В ответ Илья Миронович не услышал больше ни слова, да и на лице Елены ничего не отразилось, хотя она подумала невольно и печально: «Ну вот, приплыли».
Действительно, приплыли.
Вскоре напомаженный, надушенный, громкоголосый Илья умчался на репетицию оркестра, – Утесов опозданий не любил, – Елена осталась дома: по служебному графику у нее был выходной, Ираида Львовна тоже отсутствовала – уехала к подруге-одесситке на партию затяжной карточной игры… М-да, приплыли!
Елена убрала, до блеска вычистила большую, небрежно заставленную дорогой мебелью комнату, в которой теперь жила с новым семейством.

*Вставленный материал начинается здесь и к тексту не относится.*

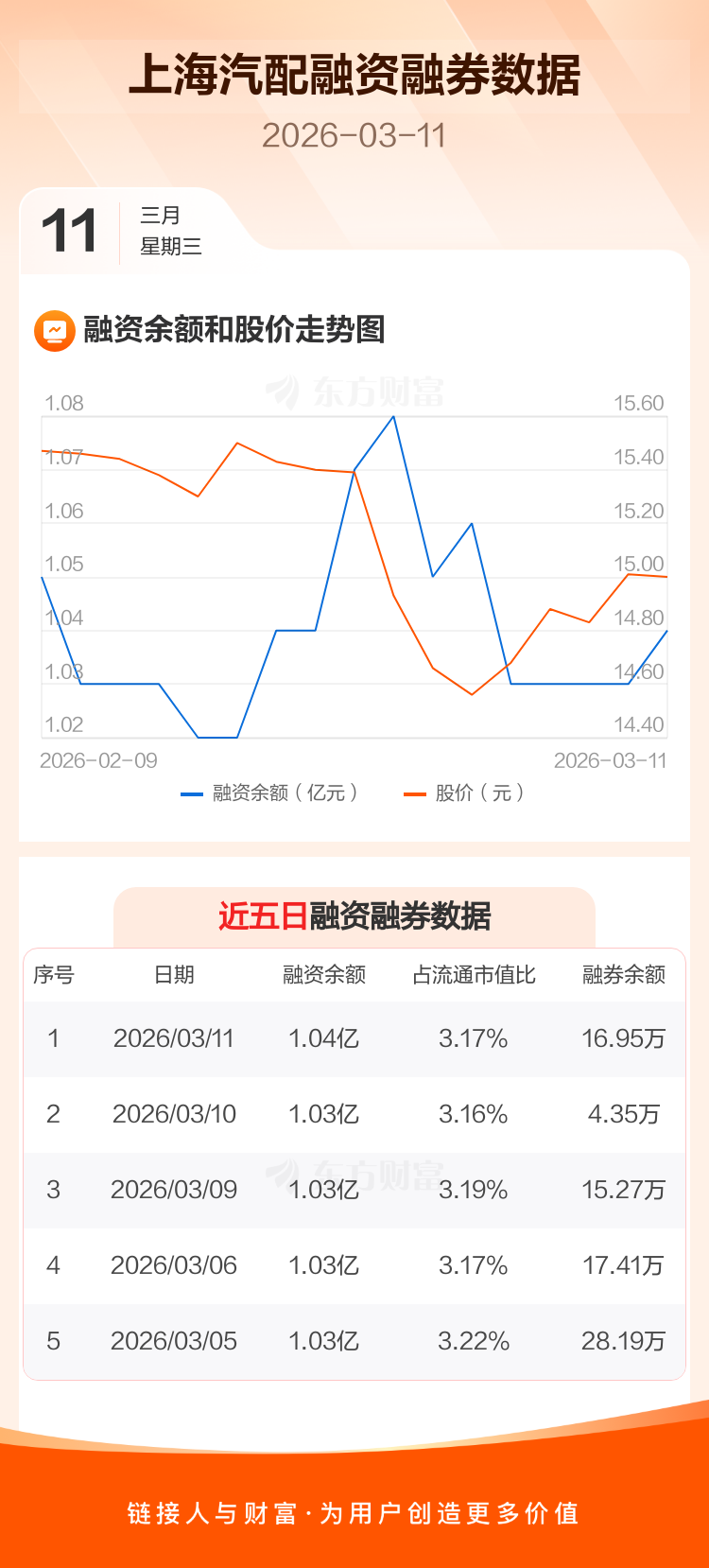 交易所最新数据显示,上海汽配于2026年3月11日获融资买入221.86万元,融资偿还180.92万元,当日融资净买入40.95万元。目前,该股融资余额1.04亿,占流通市值比例为3.17%。

Из мебели особо выделялся шкаф, сработанный лет сто двадцать назад из красного дерева, украшенный бронзовыми виньетками, камеями, полосами – явно уведенный из квартиры какого-нибудь графа или богатого промышленника – очень уж походил шкаф на богатого барина, приехавшего в Москву в гости из-за рубежа. Рядом с «барином», в простенке, висел коврик с портретом русской борзой собаки и охотничьим рогом, подвешенным на сыромятном ремешке… Это тоже было чужое – Илья Миронович вообще не знал, что такое охота, и не мог отличить длинномордую борзую от обычного дворового полкана с ушами-тряпками и глупой, но вороватой физиономией.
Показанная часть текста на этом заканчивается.